Don't Break the Engagement

Summary: 

This election year may tempt both critics of the Bush administration and hard-liners within it to attack U.S. policy on China. That would be a mistake, however, for engaging Beijing has worked well. Economic growth in China has spurred political liberalization, legal reform, opening of the media, and popular activism. The Bush administration -- and those who aspire to replace it -- should not let electoral tactics jeopardize sound policy. With respect to China, that means staying the course.

Elizabeth Economy is C.V. Starr Senior Fellow and Director of Asia Studies at the Council on Foreign Relations and the author of The River Runs Black: The Environmental Challenge to China's Future.

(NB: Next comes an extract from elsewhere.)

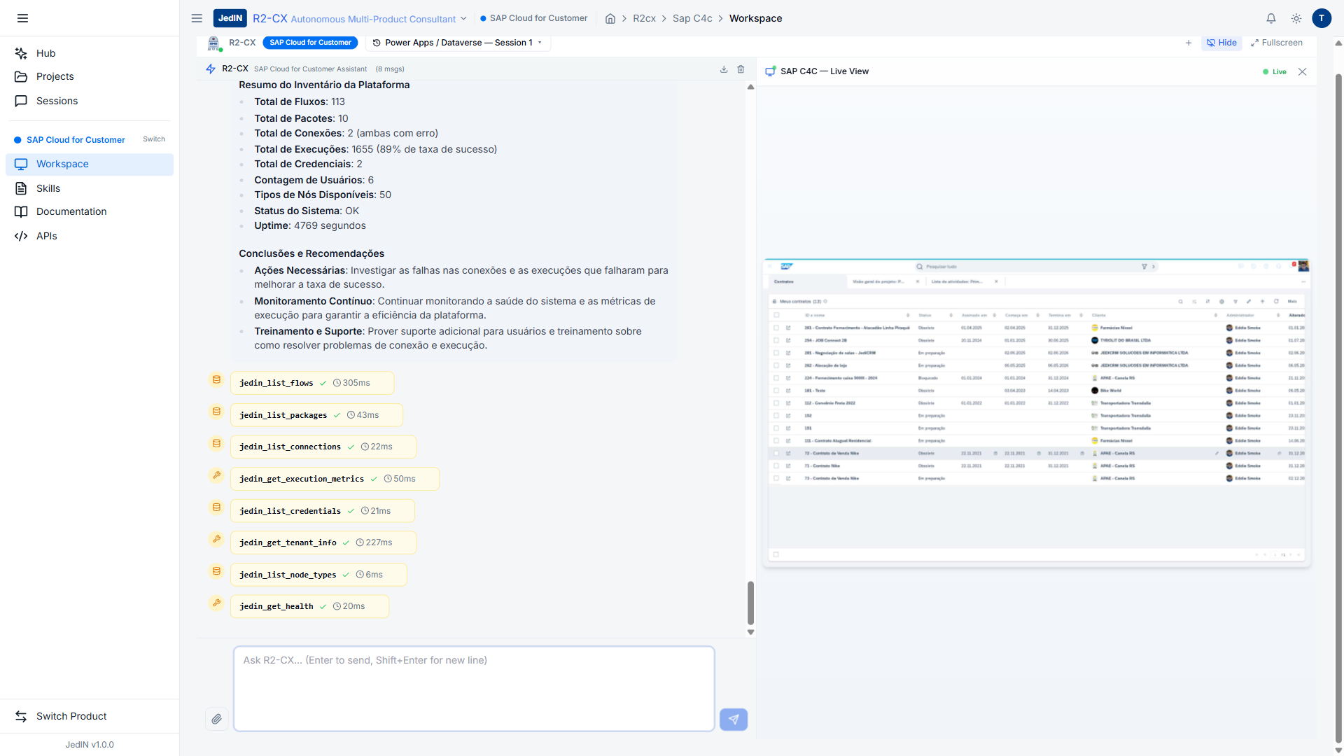 O R2-CX consultou toda a saúde da plataforma JedIN em menos de meio segundo — fluxos, pacotes, conexões, nós e saúde do sistema em uma única sessão de IA.

STAYING THE COURSE ON CHINA

After almost three years of calm, the American debate over China policy is set to heat up again. Like Bill Clinton, George W. Bush came into office pushing for a tougher approach to Beijing. And like his predecessor, Bush soon changed his tune. But if the Clinton administration's shift reflected a deep-rooted embrace of the logic of engagement, the Bush administration's shift has appeared more tactical, reflecting a realist appreciation for alliances of convenience during times of crisis. Now that the initial and most urgent phases of the war on terrorism have passed, China policy is likely to find its way back onto the agenda of hard-liners who consider the country a strategic competitor. They are likely to be joined by those who think that tough talk about trade deficits and China's human rights violations makes for good campaign politics. With the bilateral trade deficit now at $120 billion, Beijing's reported backsliding on human rights, and its heavy-handed diplomacy with Hong Kong and Taiwan, 2004 could be a banner year for the critics of engagement. Yet a return to China-bashing and to a strategy of containment would be a mistake. The past 30 years have demonstrated that engagement works -- if not exactly in the way its advocates predicted.

Supporters of engagement long argued that it would help tame China through a traditional pattern of modernization: economic growth and increased connection with the outside world would spur the development of a Chinese middle class that would in turn press for capitalism, democracy, and peace. But in fact, although China has gotten richer, economic reforms have not led directly to political ones. Economic liberalization is indeed breeding a middle class with a new set of demands, including protection of private assets, access to unfiltered information, and a greater political voice. So far, however, the middle class has not organized in any meaningful way to push for wholesale political change. Instead, that change is occurring primarily in response to the negative effects of China's market transition.